I know… but couldn´t resist, not with this about turn by a major figure!

William Dudley, the president of the Federal Reserve Bank of New York, gave a speech on Monday to the National Association for Business Economics, an organization for academic and applied economists. What made the speech particularly remarkable was Dudley did something the Fed almost never does: He disagreed with the consensus opinion of economists.

Dudley said he saw tight money as a major reason for the sluggishness of the economic recovery. “Monetary policy, while highly accommodative by historic standards, may still not have been sufficiently accommodative given the economic circumstances,” Dudley said. In adding it to a roster of conventional explanations — such as the natural consequence of recovering from a financial crisis and fighting global economic headwinds — Dudley stepped out of line with the vast majority of his fellow economists.

In a recent Economist poll of top U.S. economists, a majority said that monetary policy was “not important” to answering the question of why the recovery has been slow. Less than 10 percent of economists saw it as “very important.” Many of the surveyed are members of the NABE, perhaps even in attendance to hear Dudley tell them they’re wrong.

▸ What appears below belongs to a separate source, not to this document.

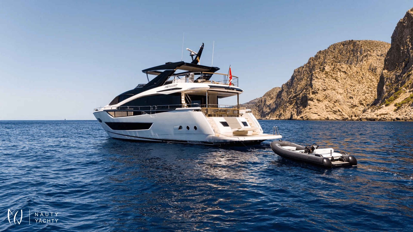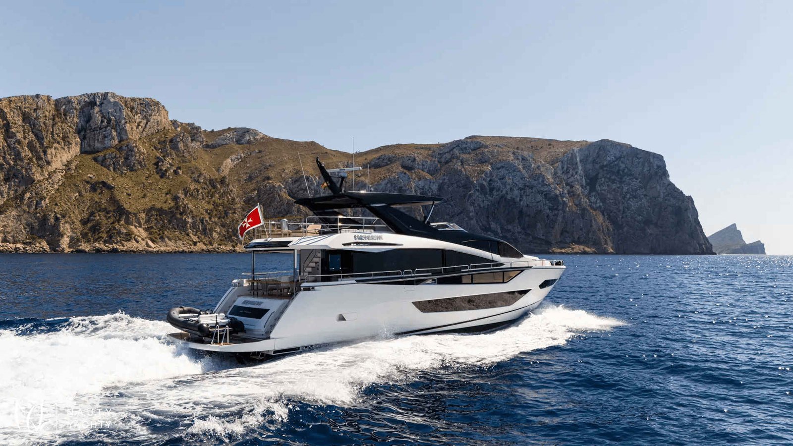 Discover the Balearics aboard MoonlightStep into a world of refined comfort and seamless performance aboard Moonlight, an 88-foot Sunseeker designed for unforgettable cruising experiences. With elegant exterior lines, expansive interior spaces, and thoughtfully appointed amenities, Moonlight offers the perfect balance of style, relaxation, and adventure.Elegant living, inside and outMoonlight accommodates up to eight guests in four en-suite cabins, including a full-beam master suite, a private VIP cabin forward, and two convertible twin cabins, ideal for families or couples. The main deck features a stylish dayhead and a luminous salon with panoramic sea views, plush seating, a large TV, and a formal dining area for eight, creating the perfect atmosphere for entertaining or unwinding in comfort.Designed for outdoor enjoymentGuests are welcomed by the signature Sunseeker Beach Club, a sophisticated waterside haven accessed via twin staircases, softly illuminated with recessed LED lighting. This tranquil space is centered around the award-winning X-TEND™ sunbed, which cleverly adjusts to face aft at sea level or forward into the cockpit, offering a unique connection to the sea. A built-in rain shower and easy access to the water make it an ideal spot to relax between swims or enjoy the view in peace. The flybridge invites relaxed afternoons and sociable evenings, with ample seating, a spacious dining table, and sunpads for lounging under the sun. Forward, the foredeck offers yet another inviting escape, with a spacious lounge and sunbathing area for enjoying the breeze and panoramic views. A lovely seating area provides the perfect spot to sip a glass of rosé as the sun dips below the horizon, a magical setting to end the day in true Mediterranean style.Performance and serviceWith a cruising speed that can reach up to 28 knots, Moonlight is perfectly suited for island-hopping between the gems of the Balearics. A professional crew of four ensures that every detail is taken care of, providing warm, discreet service throughout your journey. Whether anchored in a quiet cove or cruising along the coast, Moonlight delivers a charter experience defined by elegance, comfort, and unforgettable memories.

That´s important, but still only half of the necessary recognition because further on we learn that:

Nor was the speech a full mea culpa. Dudley took no responsibility for the downturn itself in the way that Chairman Ben Bernanke famously blamed the Fed for the Great Depression. His other explanations for the weak recovery, moreover, put him safely in agreement with most economists.

At least the ‘current misdeeds’ are being recognized. As history shows it would be too much to expect a full blown mea culpa.

3 thoughts on “A big leap forward: New York Fed Dudley points to monetary policy errors.

  1. I think the Fed could lead by example. I wonder if economists follow the Fed’s direction, rather than give the Fed direction.

    I notice that few are taking umbrage at QE3, the way they did at QE1 and QE2. If the Fed does something, I thin it becomes the norm. Look at Volcker.